Soggettività ed oggettività son facce della medesima medaglia: l'oggetto cessa d'esistere nel momento in cui il soggetto non lo percepisce, così come il soggetto si dissolve nel momento in cui ogni sfumatura che caratterizza lo stesso viene meno lasciando il soggetto, divenuto mero oggetto, in balia di sé stesso.
Siamo soggettività in un sistema oggettivo, così come oggettività in interconnessioni soggettive... ma alla base v'è sempre un minimo comune multiplo, ciò che da sia corposità che sentimento a quella medaglia. Ogni aspetto di sé, fatto di materia e spirito, coesiste al medesimo tempo; una dualità in sincronia reciproca.

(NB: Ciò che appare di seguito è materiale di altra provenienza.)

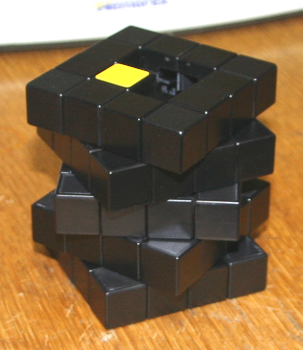 Comparison between an Eastsheen 4x4x4 and the 4x4x5. Missing pieces on the top of the 4x4x5 intentionally left out. Also note the small caps on the bottom layers to prevent being able to "look inside." Those caps do not exist on the standard Eastsheen puzzles.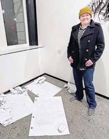 Ella’s winning piece, entitled The Visual World is Inexhaustible, is a graphite drawing of 120 paper drawings on graphite interwoven with steel wire that cascades elegantly down a wall.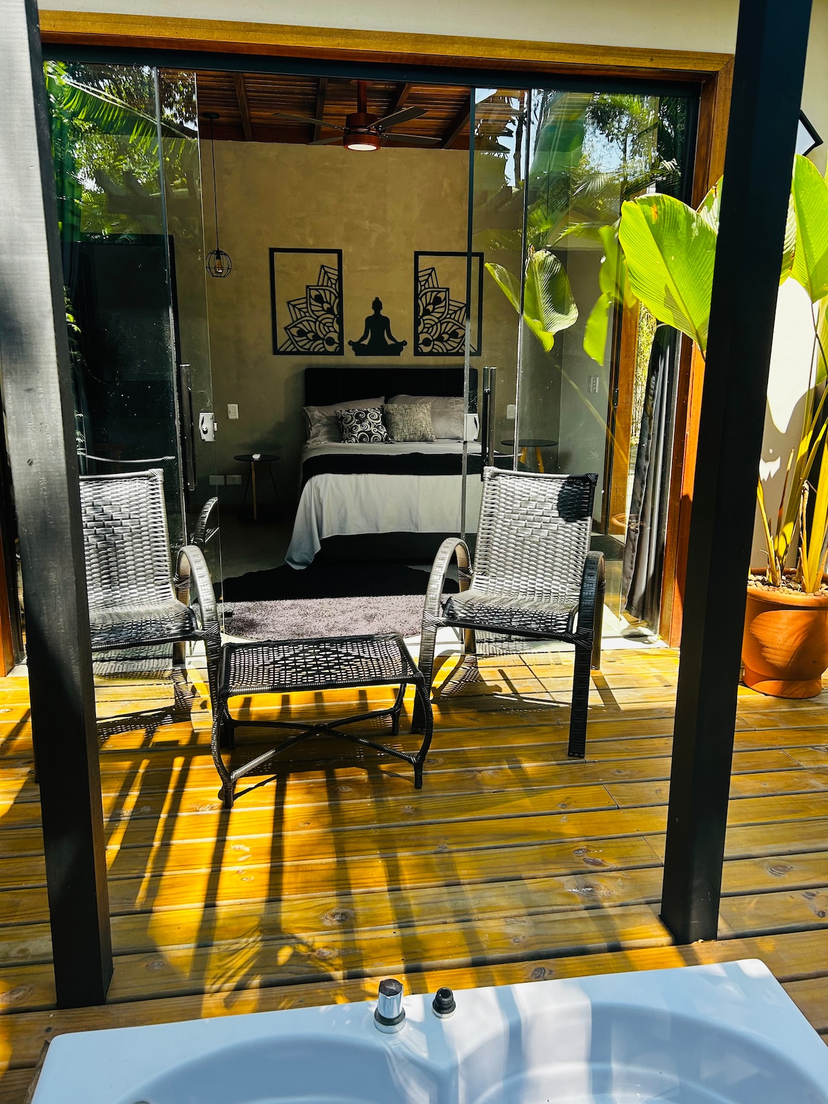 Um bangalô construído artísticamente em cada detalhe...banheira aberta para a mata com teto de vidro passam a sensação de estar imerso na natureza, com uma Figueira centenária de frente e muitos pássaros...intimista e acolhedor em conexão com a Natureza em contato com essa área de reserva da Mata Atlântica. O outro chuveiro quente fica no deck aberto para a mata e é delicioso de dia ou à noite com céu de estrelas e Luar.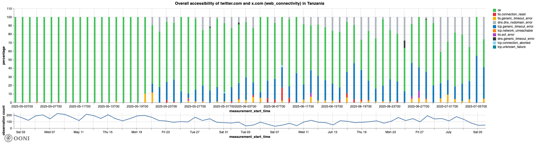 OONI data suggests that access to the social media platform X has been blocked in Tanzania since 20th May 2025.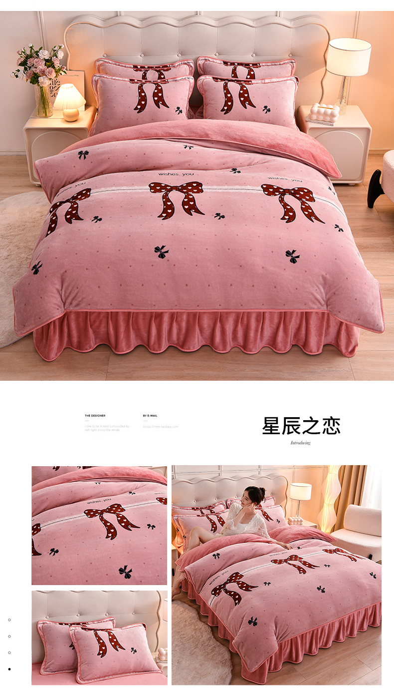 (总)绒宴家纺 2025新款印花小清新牛奶绒花边款四件套,爱心派对【花边款】,暗香【花边款】,初遇【花边款】,蝶梦【花边款】,萌萌熊【花边款】,时光【花边款】,似水流年【花边款】,星辰之恋【花边款】,约定【花边款】

Piuttosto, è il disarmonico percepire tra l'io e l'altrui a decretarne le tiranniche distinzioni, come in un incessante strattonar la corda; preferire nettamente l'uno anziché l'altro piuttosto che il totale nel quale sono immersi...
Vecchio 03-06-2017, 13:55   #6
Esperto
L'avatar di alleny82
 

Siamo un mix di quello che siamo, di quello che vogliamo essere e di come ci percepiscono gli altri.

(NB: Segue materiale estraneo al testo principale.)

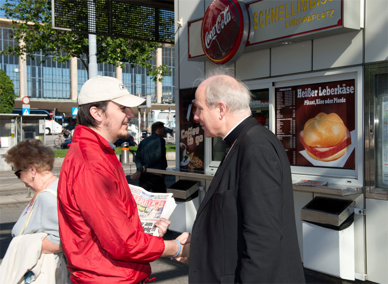 Kardinal Christoph Schönborn trifft Menschen am Wiener Westbahnhof: eine missionarische Initiative im Rahmen der Visitation des Stadtdekanats 6/7.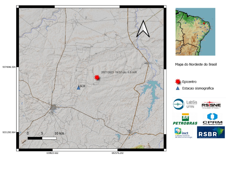 Localização epicentral simbolizada pela estrela vermelha no mapa. Foto: LabSis/UFRN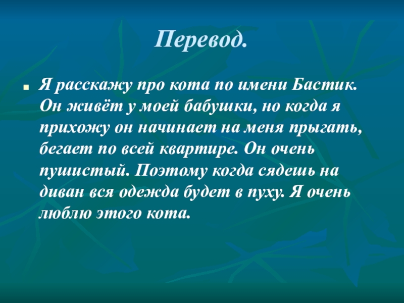 Перевод.Я расскажу про кота по имени Бастик. Он живёт у моей бабушки, но когда я прихожу он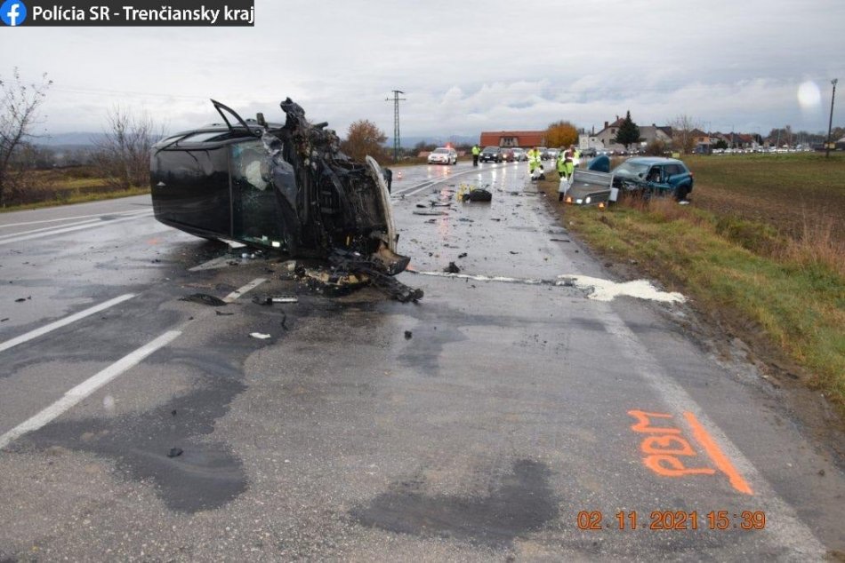 Galéria k článku Pri nehode neďaleko Trenčína sa zranili traja ľudia: FOTO priamo z miesta

Ma si può cambiare idea a volte su noi stessi e su quello che vogliamo così come anche gli altri possono cambiare idea su di noi.
È tutto in continuo cambiamento tranne alcune cose a cui teniamo da sempre: quelle sono la parte di noi che non cambierà mai e che prima o poi, di solito cominciano a vedere chiaramente anche gli altri
Vecchio 03-06-2017, 16:01   #7
Banned
 

Quote:
Originariamente inviata da Itachi Visualizza il messaggio
Soggettività ed oggettività son facce della medesima medaglia: l'oggetto cessa d'esistere nel momento in cui il soggetto non lo percepisce, così come il soggetto si dissolve nel momento in cui ogni sfumatura che caratterizza lo stesso viene meno lasciando il soggetto, divenuto mero oggetto, in balia di sé stesso.

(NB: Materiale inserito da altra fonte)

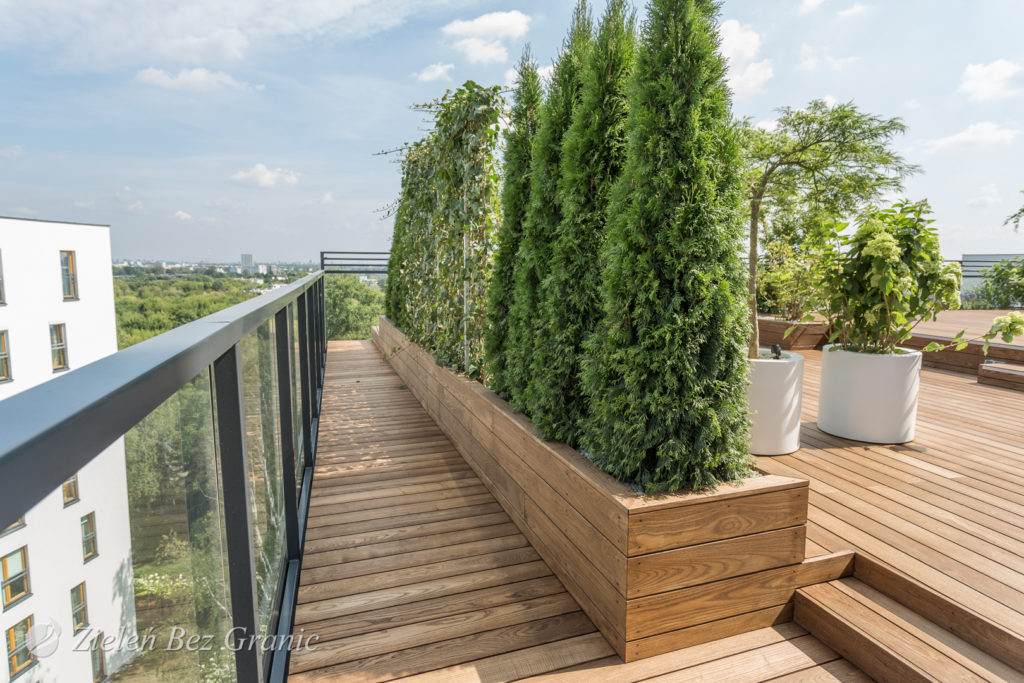 Zaprojektowane drzewka, krzewy i bluszczowe ścianki sprawiają, że taras jest osłonięty, a widok z okien nabiera barw. Dzięki odpowiednio dobranym gatunkom roślin taras wygląda ciekawie przez cały rok.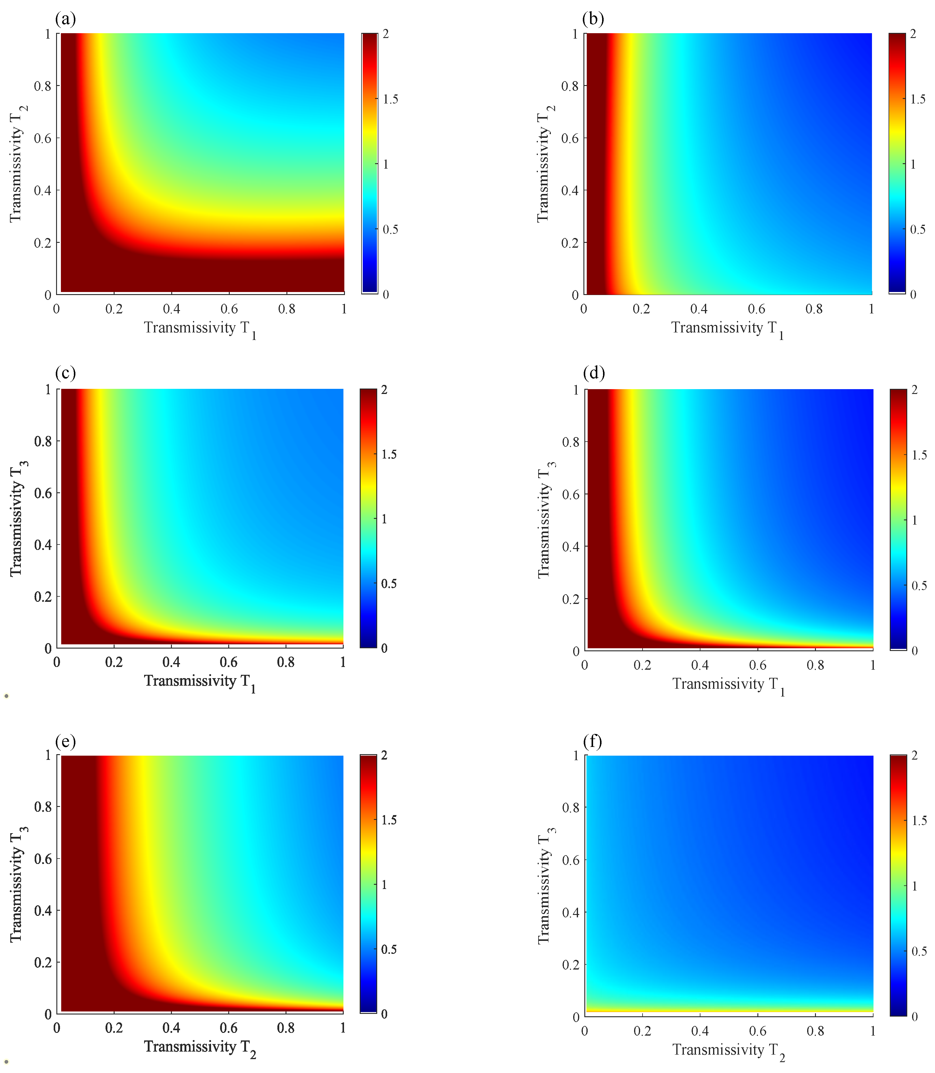 Figure 7, we indicate the effects of the internal and external losses on the phase sensitivity. The phase sensitivity with BHD is better than that with ID when the loss is the same. In addition, for the phase sensitivity with BHD and ID, better phase sensitivity can be obtained by the larger transmission. For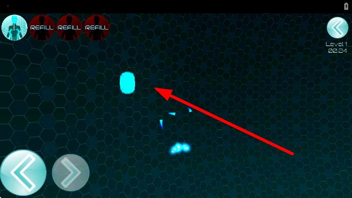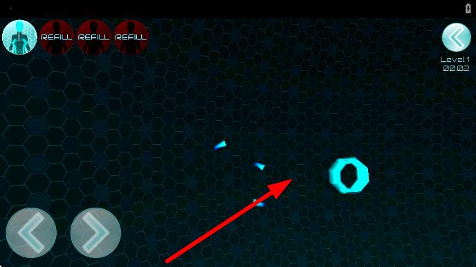 2、界面上方有REFILL提示,操控角色移动,瞄准箭头指向的蓝色环形目标,发射或移动靠近,完成关卡初期任务,推进游戏进程。

Siamo soggettività in un sistema oggettivo, così come oggettività in interconnessioni soggettive... ma alla base v'è sempre un minimo comune multiplo, ciò che da sia corposità che sentimento a quella medaglia. Ogni aspetto di sé, fatto di materia e spirito, coesiste al medesimo tempo; una dualità in sincronia reciproca.

Piuttosto, è il disarmonico percepire tra l'io e l'altrui a decretarne le tiranniche distinzioni, come in un incessante strattonar la corda; preferire nettamente l'uno anziché l'altro piuttosto che il totale nel quale sono immersi...
Quindi, l'oggettività e la soggettività sono fatte della stessa materia. A causa della coscienza che possediamo (da cui scaturisce il mondo soggettivo) facciamo inevitabilmente ma erroneamente distinzione tra un mondo interiore e uno esteriore quando sono in realtà entrambi espressione del tutto. Questo ragionamento mi sembra corretto, ma pone la prospettiva verso il tutto, non verso noi stessi. Mi spiego, dire che la nostra mente ( e quindi la nostra soggettività) sia espressione del tutto è corretto, ma noi non guardiamo dalla prospettiva del tutto, non possiamo farlo, guardiamo solo attraverso la nostra soggettività, potrei infatti affermare per assurdo che solo io esisto con certezza, mentre il resto potrebbe essere un sogno frutto della mia mente. Da questo punto di vista, la felicità di un uomo che vive nelle illusioni (che illusioni per lui non lo sono), è reale, e non un'illusione anch'essa. È per questo che si fa questa distinzione.
Dal punto di vista teorico funziona, non tanto nel pratico.
Perché un individuo per avere una posizione sociale ad esempio, deve necessariamente esternare le sue idee, che sono veicolate (ma anche vincolate) dalle azioni. Come hai detto tu la soggettività è una diversificazione del tutto, e quindi non esistono idee pensate e non espresse ma le idee pensate sono per forza espresse anche se solo nel nostro io (che è parte del tutto appunto) nonostante ciò mi si giudicherà non per l'idea che possiedo (impossibile da cogliere senza un mezzo comunicativo), ma nel modo in cui la esprimo all'esterno. Ed ecco il relativismo di Pirandello.
Però mi verrebbe da ribattere che i giudizi altrui non fanno parte di noi a meno che non siamo noi a volerlo.
Il più delle volte lo vogliamo, perché (a mio parere) consideriamo istintivamente le altre persone, che hanno tutto sommato un aspetto e delle idee simili alle nostre (anche dopo un'influenza da parte loro in precedenza chiaramente), parte di noi, per cui un loro giudizio diventa un nostro giudizio, una loro critica diventa una critica che noi facciamo a noi stessi.